# Forum Home Renovation Painting  Painting over new Colorbond

## Spottiswoode

Time to replace a section of our fence, the old one has rusted out and fallen over. The neighbours side is grey (painted), ours is cream (or whatever the actual colorbond colours are). I will be installing it myself and painting one side (theirs most likely as it will mostly hide behind hedging).  
I've had a bit of a search and come up with painting old colorbond, but not new other than references that new colorbond is difficult to paint. 
Any tips on painting a new colorbond fence please. (as dumb as painting something already painted is). I was thinking of using a roller on the sheets prior to installation and then just painting the posts and channels once installed. Not sure what's the best paint, but haven't asked at the paint shop yet - I will be guided by them, but like to get some feedback from others so they don't try to sell me extras I don't need.

----------


## johnc

We have used Dulux Weathershield on colourbond, seems to have held well, no peeling. Not new though so you may have to deal with a protective coating. We used an airless sprayer which I would suggest may give a better finish than a roller for that application.

----------


## phild01

> We used an airless sprayer

  As an aside, interested in how you thinned the paint for spraying.  I tried recently with no good result as the recommended thinning was no more than 10%.

----------


## johnc

> As an aside, interested in how you thinned the paint for spraying.  I tried recently with no good result as the recommended thinning was no more than 10%.

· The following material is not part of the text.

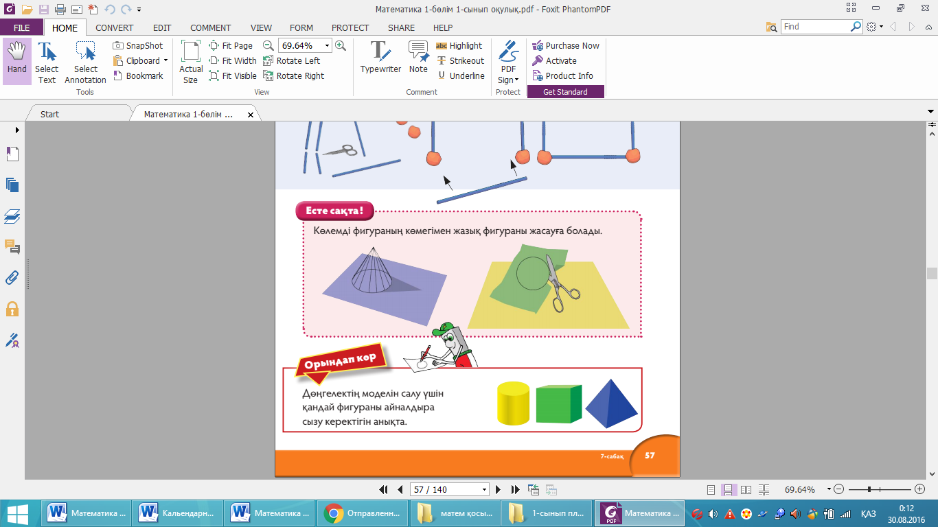 Қай шаманы өлшегенін анықта. Сөздерді тиісті суреттермен сәйкестендіріп, сызықпен қос. Оқушылар шамаларды ұзындық, көлем, массаны бейнелейтін суреттерге сәйкес келетін сөздерді сызықтармен қосу керек. Шамаларды тиісті өлшем бірліктермен сәй-кестендір. Оқушылар шамалардың атауларын (ұзындықты, массаны, көлемді) олардың өлшем бірліктерімен сәйкестендіріп қосу керек. Айнаның ұзындығын әртүрлі өлшеуіштер-мен анықта. Оқушылар қойындәптер түрінде және қарындаш түрінде көрсетілген өлшеуіштің санын табуы керек. Айнаның ұзындығы қойындәптердің ұзындығымен 6 болады. Ал бір қойындәптердің ұзындығы 2 қарындаштың ұзындығына тең болған-дықтан, айнаның ұзындығы қарындаштардың ұзын-дығымен 12-ге тең болады. |
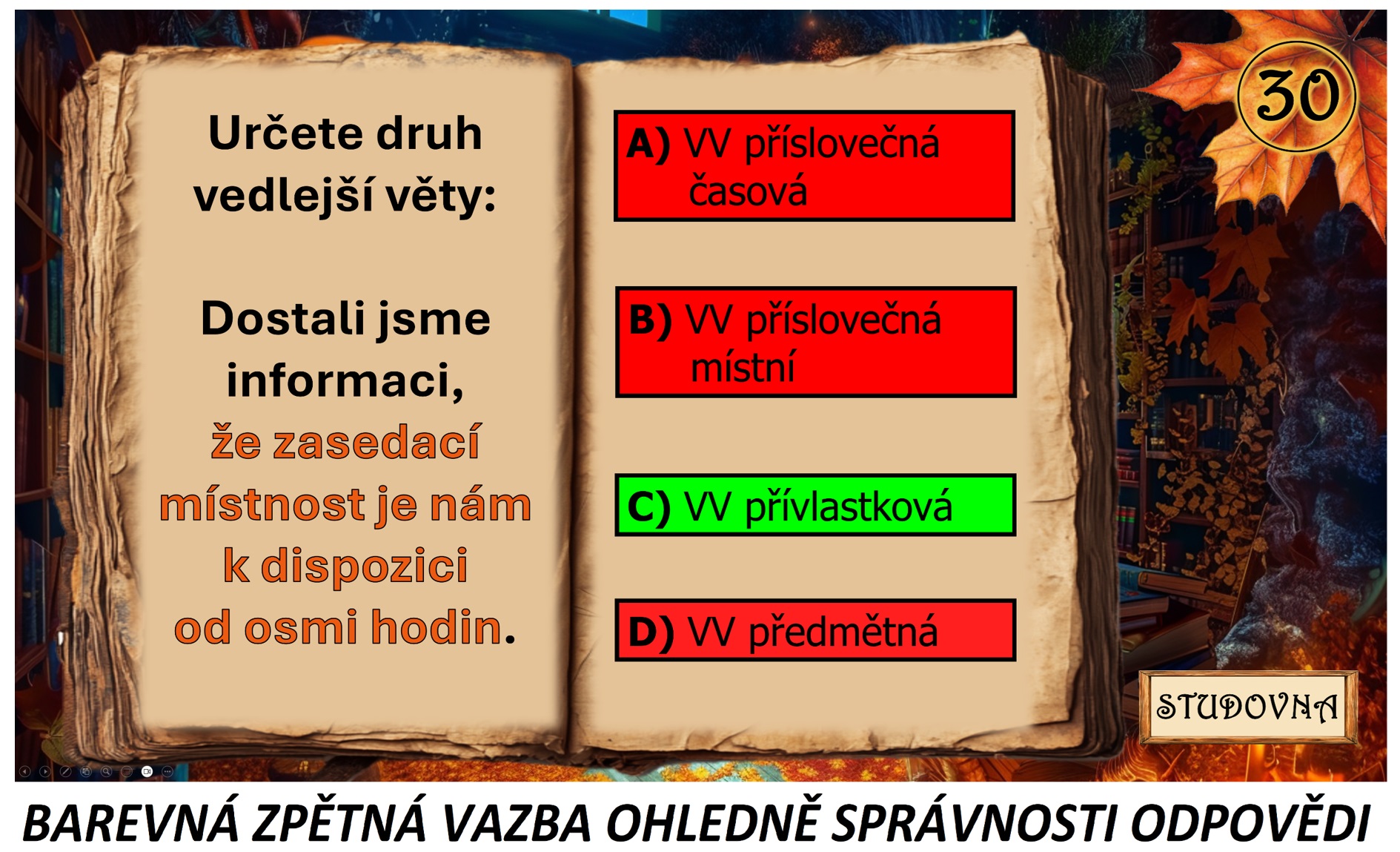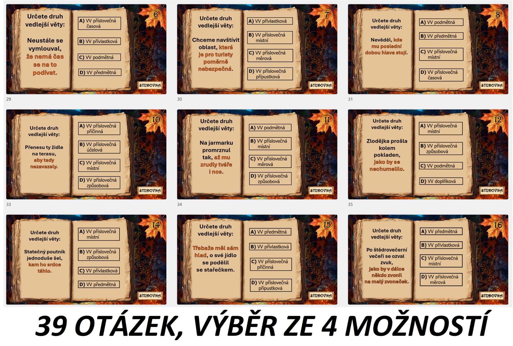 Komplexní opakování druhů vedlejších vět; hravá forma + halloweenské motivy

  Sometimes its easier to not read the instructions :Doh: , I thinned down to the right flow rate according to the little cup that came with the machine. Seemed to work fine certainly held on well.

----------


## dmac

You will need to either let the colorbond age or wash it with something before painting. Vinegar or some sort of degreaser works well.
Paint with your favourite. Ive had good success with White Knights anti rust paints (water based), even SolarGuard but prefer the White Knight as it looks just like the original finish.
Sprayed through an automotive style spray gun with a air compressor. 
Dave.

----------


## Whitey66

Scrub it down with sugar soap, hose off and let dry.
Use a good quality airless sprayer, you will get less overspray and you won't have to dilute the paint at all.
Airless spraying is also the fastest way bar none, if you can't afford a good quality airless sprayer (they're about $1000 minimum) you can usually hire them.
Regarding paint, I find anything that is used on roofs will do the job and semi-gloss is closer to colourbond than gloss and looks heaps better in my opinion.

----------


## METRIX

New colourbond you should lightly rub it over with a sanding sponge of around 180grit to give the paint something to key into, wash it down then paint. 
I would paint it after install as you will scratch it off during install as the paint will still be soft.
I have painted many colourbond components using either British paints 4 seasons, or Dulux Weathershield, always used a spraygun, gave nice even finish, none has ever peeled.

----------


## Spottiswoode

I got the new fence up during a heat wave between Christmas and New Year. Have thus far avoided painting 'due to the weather', and will put it off a little longer for the same reason. At least we have a pool enclosure that meets the standards now.

----------


## rebuildr86

METRIX is spot on, new colorbond must be rubbed down. Powder coating is very strong  impenetrable, and very tightly bound to the steel. 
And the best way to do that wiht the profile of fence sheeting is with a flexi sponge and a beer in one hand. 
As for painting it, if you want it to last forever, after you have sanded it a bit, your choices for primer are in order of longevity...
a. Non inhibitive epoxy primer (2 pack)
b. Acrylic primer
c. etch primer (not really a good idae as acids cause issues later, but sometimes ppl have success) 
Top coat, 
Stick to semi gloss acrylic which will match the colourbond powdercoating sheen level.

----------